4 steps employers can take to improve healthcare outcomes
At a recent Pacific Business Group on Health forum, one large employer said after seeing tens of millions of dollars a year spent on healthcare, she could not point to any improvements in employee health. Sadly, this is reflective of the purchaser experience across the country. It is easy to get discouraged about the state of healthcare in this country as costs continue to go up, and widespread quality and health improvement seem elusive.
I’m frequently in Washington, D.C., and while there have been glimmers of hope for meaningful policy intervention, as industry interests pushback on change, it looks increasingly unlikely that we will get to any meaningful solutions.
There isn't much to feel good about — and that's why the early results from the Transforming Clinical Practice Initiative going on in my home state of California were such a welcome positive change. With funding from CMS, my organization, PBGH, teamed up with LA Care Health Plan, and the Southwest Pediatric Practice Transformation Network (a partnership of CHOC Children's Hospital and Rady Children's Hospital) as part of the most extensive quality improvement effort ever underway in the golden state, and possibly the country. We worked with close to 10,000 providers, touching the lives of 5.9 million Californians, all while saving $6 for every $1 invested. Together we helped California patients avoid 67,000 emergency department visits, 57,000 hospital admissions and we improved care or outcomes for three-quarters of a million people.

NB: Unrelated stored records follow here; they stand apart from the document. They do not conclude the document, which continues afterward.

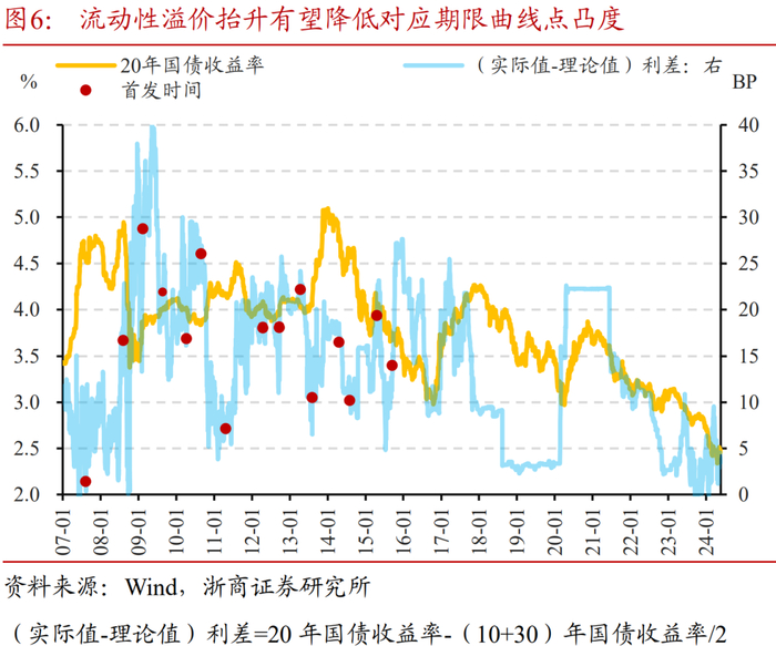 ①基于理论值和实际值视角,当前20年国债的实际值(2.46%)高于理论值(2.43%),利差存在核心源于20年国债存量规模较小,流动性溢价较高所致,参照历史经验,伴随着20年国债发行规模的逐步抬升,理论值和实际值之间的利差会相对收缩。
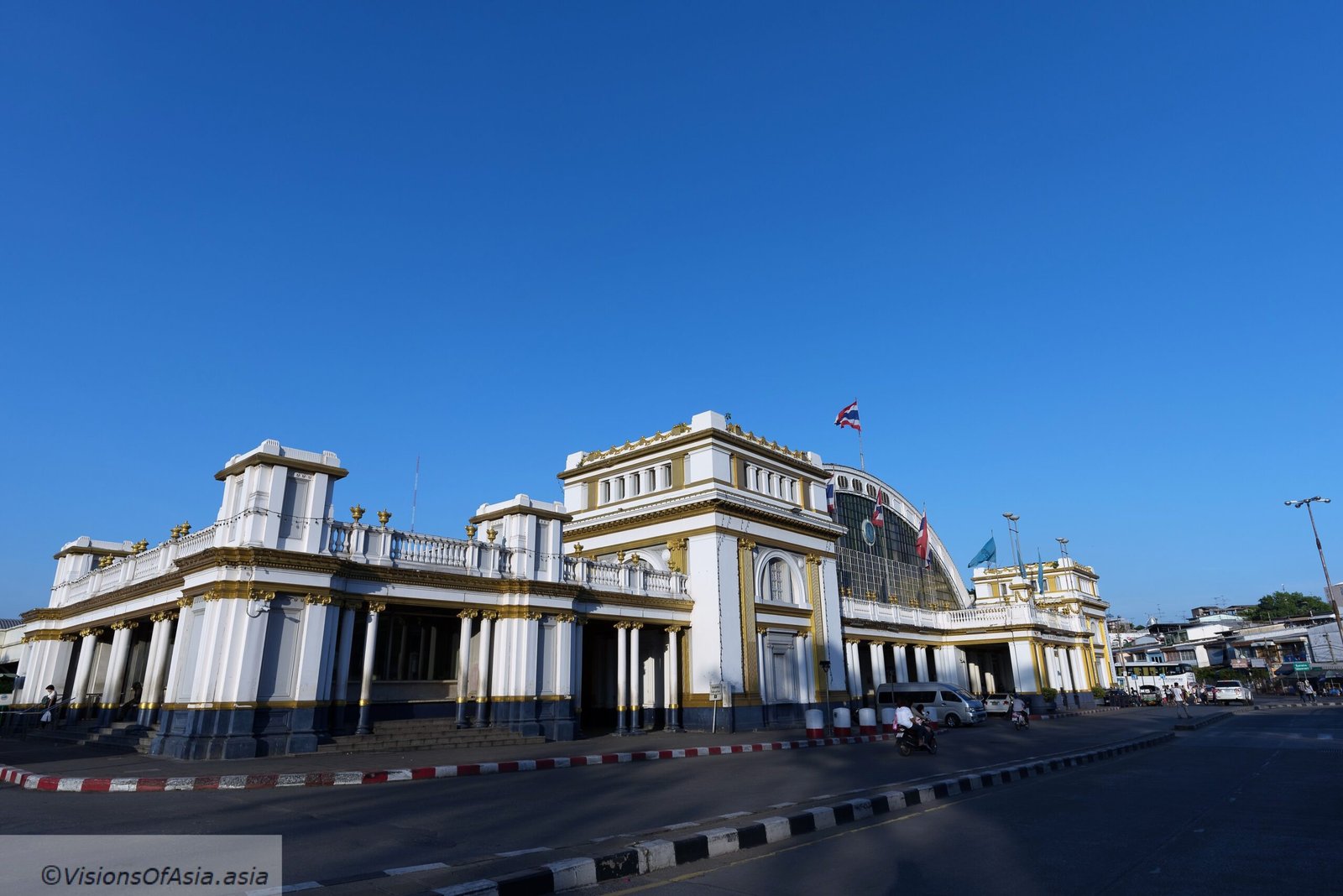 Hua Lamphong station’s construction started in 1910, at about the same time that many European train stations were erected. Although railways were still in their infancy, King Rama V launched railways in Thailand already since 1891. At the same time, another Asian power, Japan, also raced to adopt European technology to modernize its society. Of course, the architect building the train station was European too, and more precisely, Italian, Mario Tamagno (more on his creations here). Being Italian, obviously, he permeated his construction with neo-renaissance style (he also built a number of other landmarks of Bangkok, see the link above).
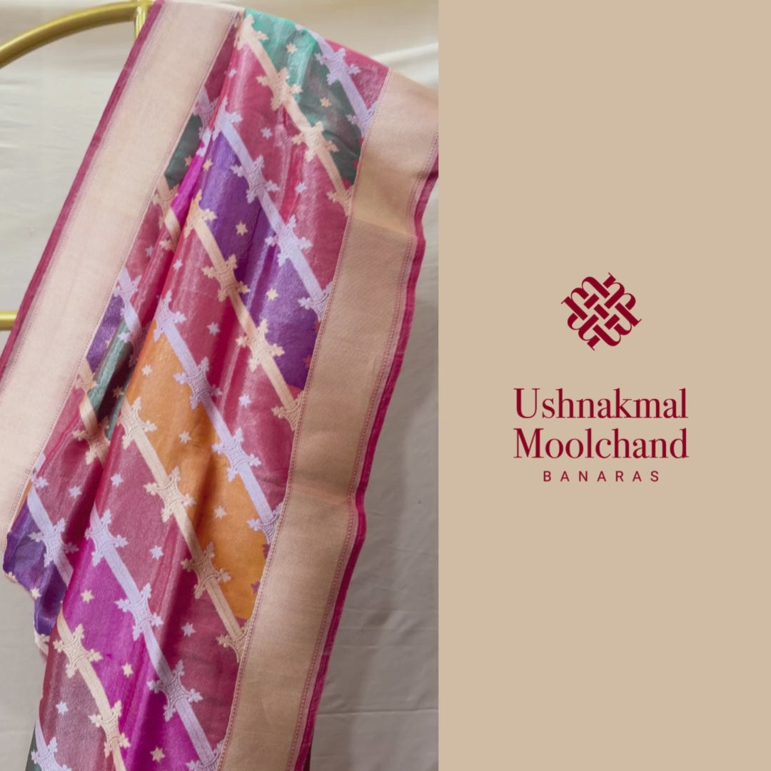 The sheer texture and gentle metallic sheen of tissue silk lend the saree an ethereal lightness, allowing the colours to appear almost translucent as they flow across the drape. Handwoven on traditional looms, the Maya Saree captures the artistry of Banaras through its harmonious balance of softness, structure, and visual depth.
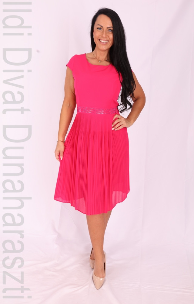 Bakap magenta színű, kerek nyakú, derék részén strassz díszítéses, alján pliszírozott, A-vonalú alkalmi ruha.
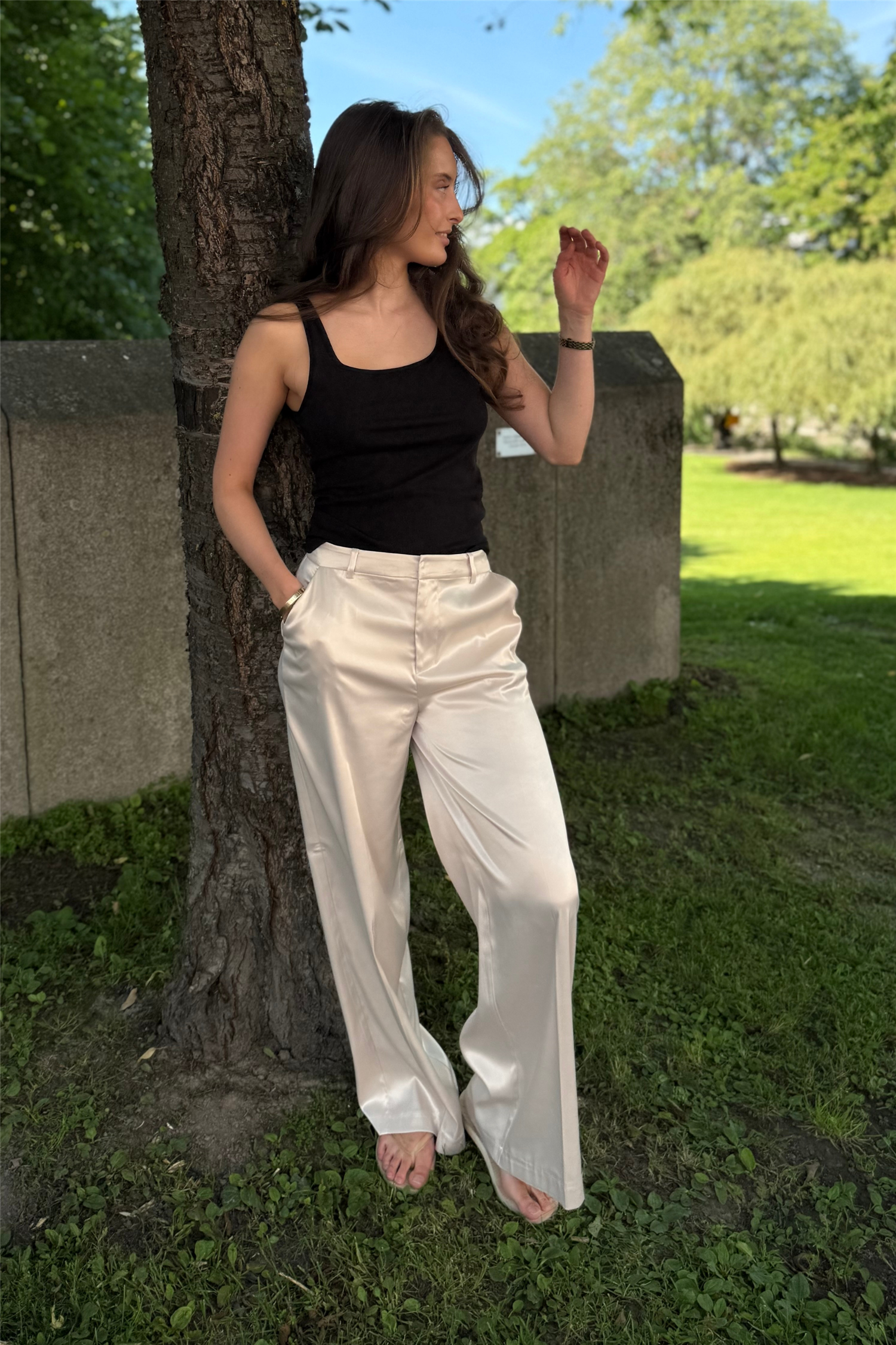 Reign Satin Tailored Extra Wide fra Iben. Vi elsker denne satengbuksen i krem.

This massive undertaking has enormous implications for employers and their partners who wish to share our success. Here is my advice on how to get started.

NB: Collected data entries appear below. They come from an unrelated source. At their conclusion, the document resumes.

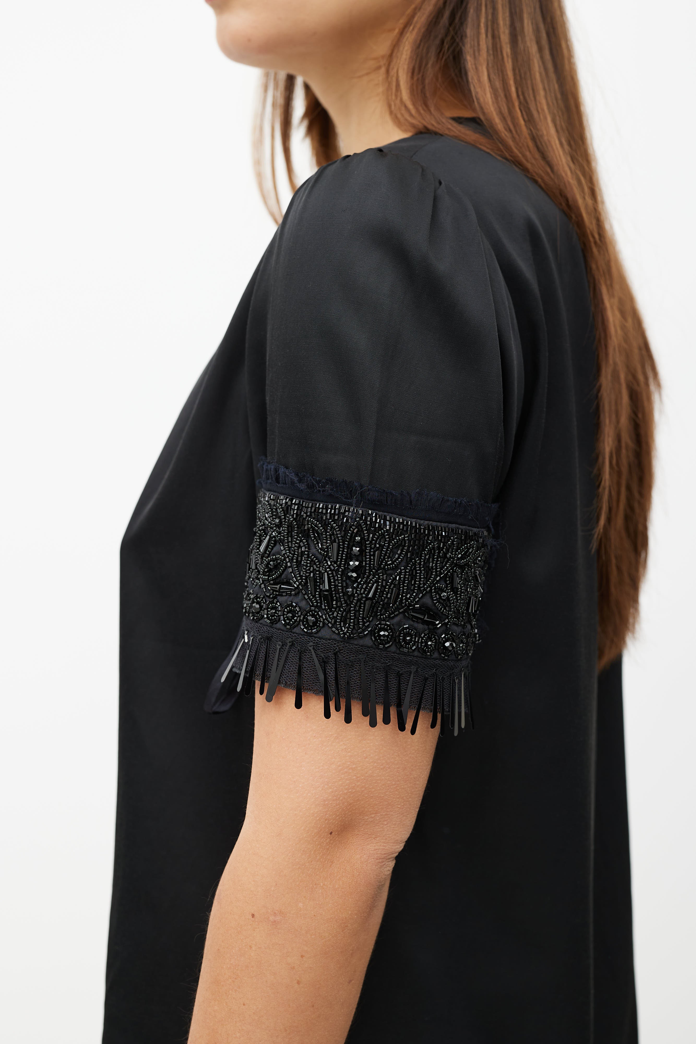 Pre-owned Dries Van Noten black cotton blend top featuring a round neckline with pleats at front, darts at back neck, back hook and eye fastening, short sleeves with gathering at shoulders, and sleeve embellishments with beads, ribbons, and mixed textiles.
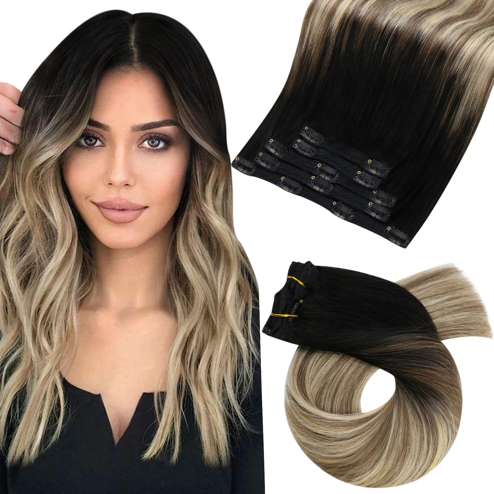 Moresoo clip in extensions real hair cheap black hair extreme real hair clips black to brown with medium blonde extensions real hair clip 25cm #1b/6/22 7PCs 80g 25 cm #1b/6/22
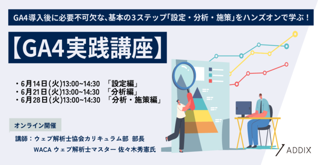 株式会社ADDIX(所在地:東京都港区、代表取締役:酒井大輔 以下、ADDIX)は、「Google アナリティクス 4 (以下GA4と略)実践講座(https://service.addix.co.jp/seminar/googleanalytics4_practice)」を開催いたします。GA4導入後に必要不可欠な、基本の3ステップ「設定・分析・施策」がハンズオンで学べます。既にGA4をご利用されているWebご担当者をはじめ、GAからGA4への切り替えをお考えのご担当者やこれからGA4を使えるようになりたいとお考えのご担当者向けの内容となります。
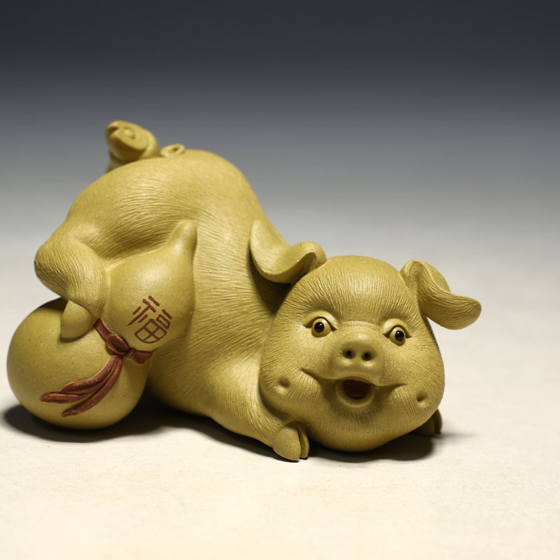 明理茶艺 宜兴摆件紫砂茶宠(朱亚军手工雕塑福禄小猪)茶玩
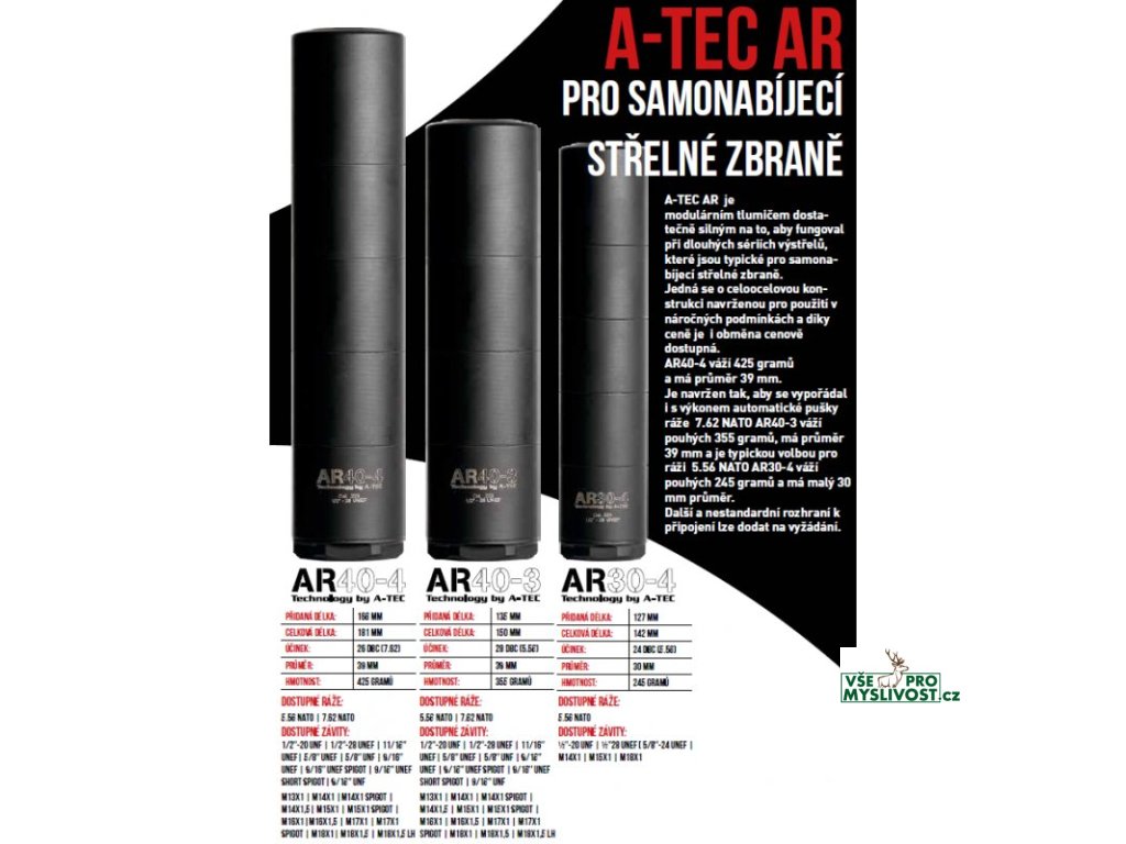 A-TEC AR - kompletní popis technická data, seznam ráží a systémů upnutí v katalogu A-TEC v Českém jazyce ke stažení na našich stránkách. Tlumiče vyrobeny pro moderní samonabíjecí pušky, kde je předpoklad vyšší zátěže intenzivní střelbou v samonabíjecím režimu, než je tomu např. při lovu. Především jsou určeny pro zbraně typu AR-15/MSR-15 a AR-10/MSR-10 apod. Model AR40-3 se závitem M14x1 je vhodný např. pro civilní varianty pušky vz.58 Tyto tlumiče budou nabízeny s příslušnými závity i pro pušky Bren 2, AUG atd.. Modulové tlumiče se všemi výhodami snažší údržby a čištění Není vhodné při použití střeliva subsonic s těžkými střelami, např. u .300 AAC Blackout!!

Employers need to understand primary care is the right investment
As employers, it seems like we spend almost all our time focused on the significant cost drivers — chronic disease, prescription drugs and specialty care. And yet unlike the U.S, every other country with a healthcare system that is high quality and cost-effective has a system built around robust primary care. This initiative showed once again that investment in primary care today yields enormous cost savings tomorrow. Most importantly, it improves health outcomes for our employees, members and their families. As employers, we can not only push our health plan partners to invest in primary care; we can come together to support quality improvement initiatives.
You can, and should, partner with providers
Speaking for large employers, sometimes it seems like we are often at odds with provider organizations, as we work to figure out issues like networks or performance metrics. When we lament rising costs and poor quality, it can sometimes feel like it is us vs. them. One of the most amazing elements of our work in California was that it brought providers and employers together onto the same team. We had an open dialogue about quality and the meaningful quality measures, and we touched almost 10,000 of the primary care providers working in the state.

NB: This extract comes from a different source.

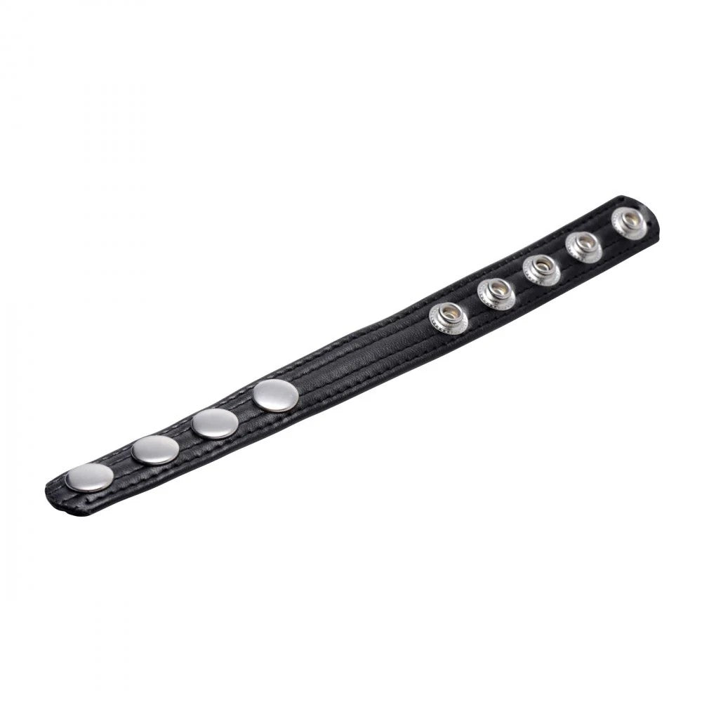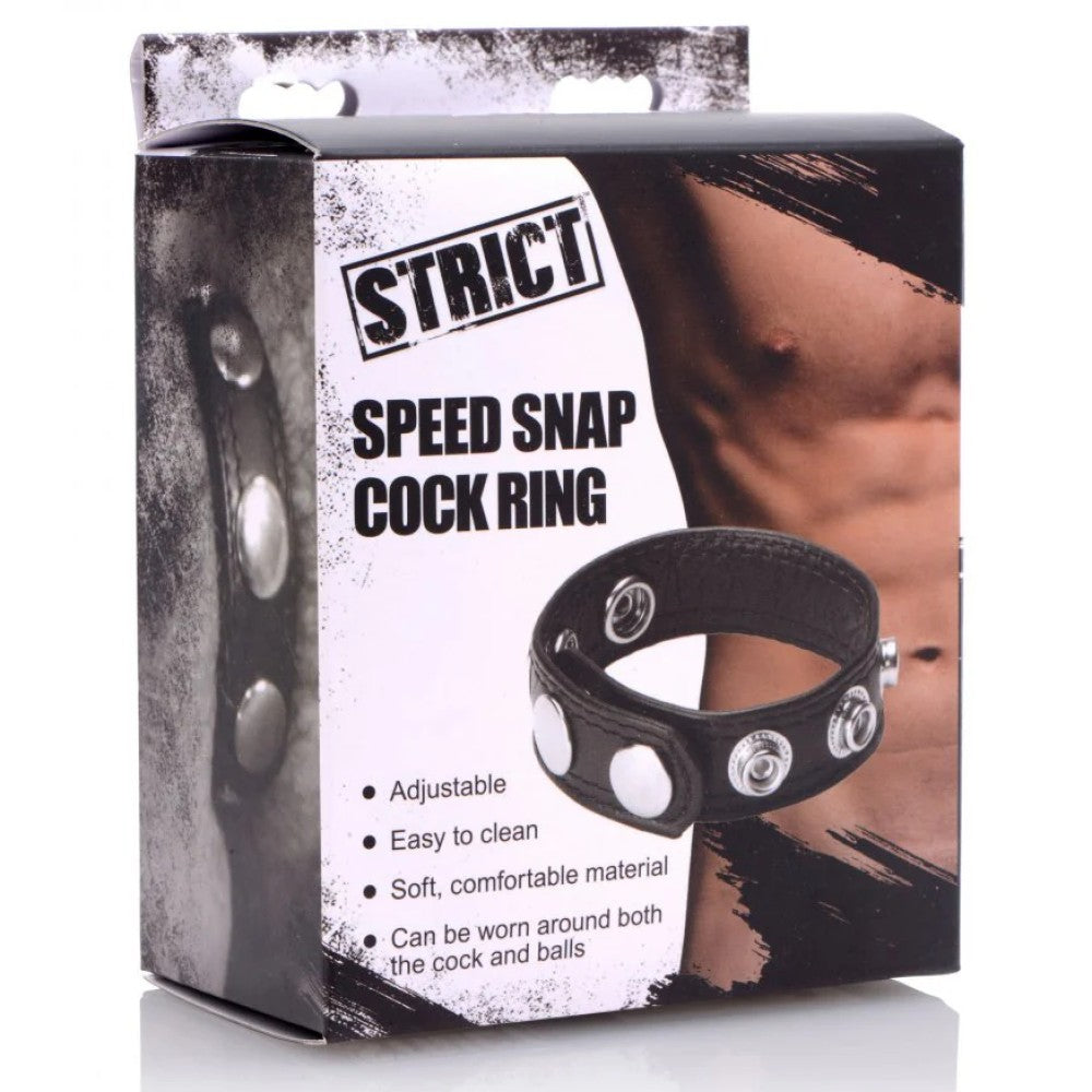 Maintain a harder, stronger, and more sensitive erection when you wrap this snap-on cock ring around your cock and balls! Restrict blood flow by tightening this comfortable and attractive strap around your package, creating a bulging hard-on that will last through your most tantalizing endeavours. Solo or with a partner, you will love the enhanced sensation of every stroke, thrust, suck, and fuck! When you are ready to ejaculate, just release the snap to quickly and effective remove the cock ring.

Payment reform and multi-payer alignment are critical.
Pulling off a feat like this in California, is admittedly, somewhat easier than it may be in other states. We are a state with a high penetration of managed care and capitation. The majority of providers already get the same message from payers — "we pay for value, not volume." And of course, we were fortunate to have CMS grant funding to support this work. However, this success can be replicated anywhere. Employer coalitions can play a fundamental role in getting payers on the same page. It is critical that our alliances include public payers such as state Medicaid agencies and public employees’ retirement system organizations as well. Together, we can send signals to the market and let them know we are focused on supporting primary care.
How you pull all the stakeholders together is the secret sauce
When it came to doing this work, my organization had one massive advantage from the get-go: our multi-payer quality improvement program California Quality Collaborative (CQC). CQC is a healthcare improvement organization dedicated to advancing the quality and efficiency of the healthcare delivery system in California with a long history of supporting quality improvement, leading collaboratives, and workshops for providers and plans alike. The CQC steering committee is comprised of leaders from physician groups, health plans, purchasers, public health entities and their partners.
What this means in practice is that any quality improvement initiative CQC undertakes has multi-stakeholder and multi-payer collaboration from the get-go. The organization represents the vast majority of the payers in California. A medical practice won't — and shouldn't — improve the way they practice medicine to meet the wishes of a handful of their payers. By creating organizations like CQC that have collaboration and multi-payer heft, you can set the stage for wide-scale quality improvement efforts.
This needed success story is doable
As my colleague Dr. Michael Weiss, vice president of population health and CHOC Children’s so stated, “This effort shows that proactively investing in high-quality care and care coordination brings value to patients, providers, payers and the overall system. Helping primary care practices transform is both achievable and important. We need to continue to collaborate and scale investment in multi-payer support for advanced primary care.” Our experience in California is replicable elsewhere. Meanwhile, here in California, we have an enormous opportunity to build on this success if we continue to work together.